A note on Photographic Exceptionalism
The pictures are of early morning light on tree roots of red river gums (Eucalyptus camaldulensis,) in Benbibuta Creek in the northern Flinders Ranges of South Australia. They were made with a Rolleiflex TLR whilst I was on a camel trek from Blinman to Lake Frome in 2021. When I came back to looking through this archive in 2025 I realised how the idea of photographic exceptionalism and its art historical narrative had informed my approach to photography and how that narrative was misleading.
Photographic exceptionalism is the idea of medium specificity that is predicated on the view that photography was able, by virtue of its special optical-chemical properties, to do something its competitors could not. This was usually understood to be realism and its telos of the ever greater refinement of realism.
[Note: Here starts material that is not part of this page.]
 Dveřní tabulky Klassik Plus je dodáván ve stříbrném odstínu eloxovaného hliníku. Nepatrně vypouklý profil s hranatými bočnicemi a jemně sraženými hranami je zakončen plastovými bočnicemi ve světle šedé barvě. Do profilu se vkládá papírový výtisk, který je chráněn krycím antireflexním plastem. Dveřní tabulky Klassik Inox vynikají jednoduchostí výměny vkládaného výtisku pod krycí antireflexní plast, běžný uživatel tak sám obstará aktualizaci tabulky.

We need to think both more in terms of the historical pre-photographic commodity cultural context of visual media ie., the whole terrain of visual representation out of which photography emerged; and the interrelationships between photography, print making and other visual media. From. this perspective photography is understood to be part of the history of all picturemaking,’ i.e. part of a general visual culture.
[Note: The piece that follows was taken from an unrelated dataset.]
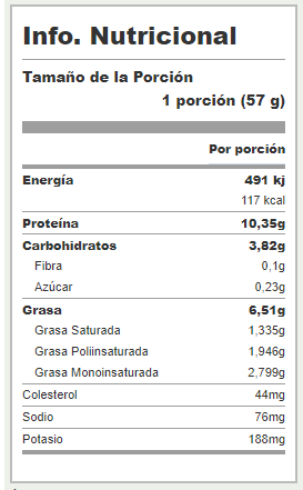 Información Nutrimental y su tabla de pescado frito

This implies a shift to a study of light, colour, and gradation of tone, rather than the traditional photographic concern to a realism corresponding to what we see in nature with our own eyes. In contrast, photographic exceptionalism is the conviction that the phenomenon of photography can be properly understood only by detaching it from any comparison with the other visual media (and with printmaking in particular).
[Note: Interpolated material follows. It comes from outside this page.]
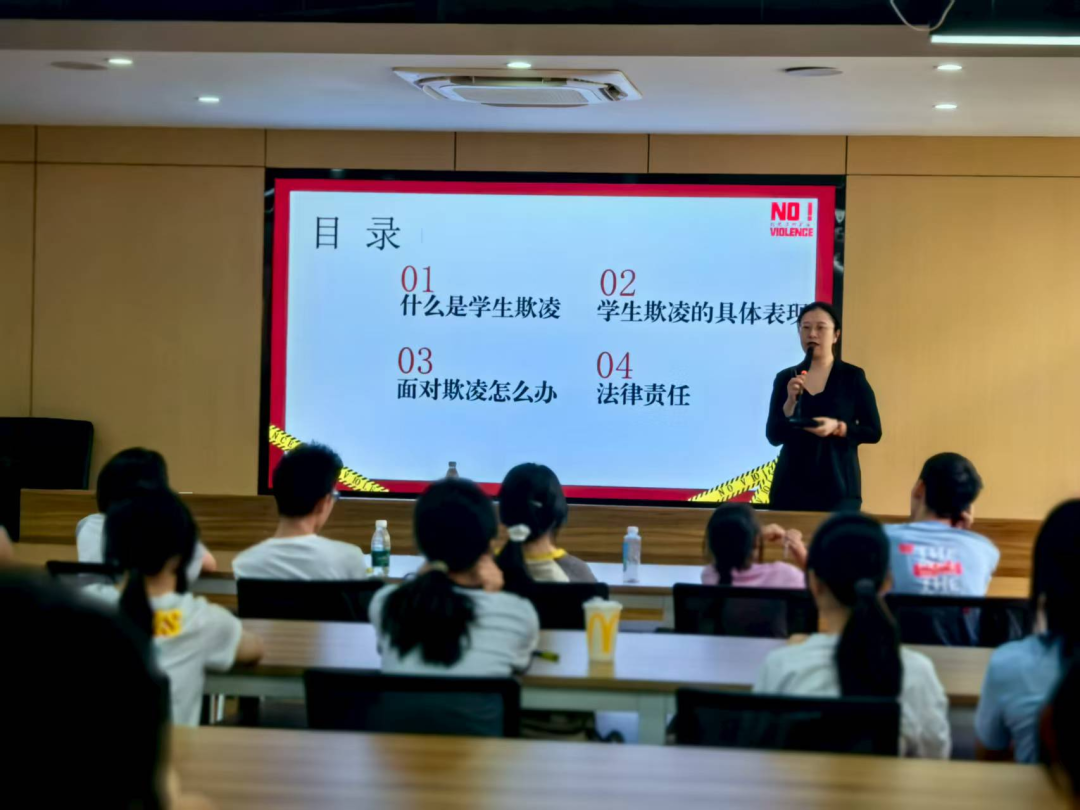 活动第一部分,黎嘉敏律师带来了主题为“学生自我保护 预防学生欺凌”的普法专题讲座。她通过PPT用生动活泼的语言向同学们讲解了学生欺凌的表现形式、危害后果以及应对方法。黎律师特别强调:“遇到欺凌时,沉默不是金,要及时向老师、家长或相关部门反映。”

Photographic exceptionalism still substantially informs thinking and writing on art photography within the art institution’s mainstream formalist and modernist conception of photography, namely, medium-specificity and the purity of the medium’s deployment of its own material conditions. Sadly, this art historical approach of MoMA , underwritten by the stubborn conviction of photography’s essential difference, has given rise to photography’s separatism, relative insularity and parochialism.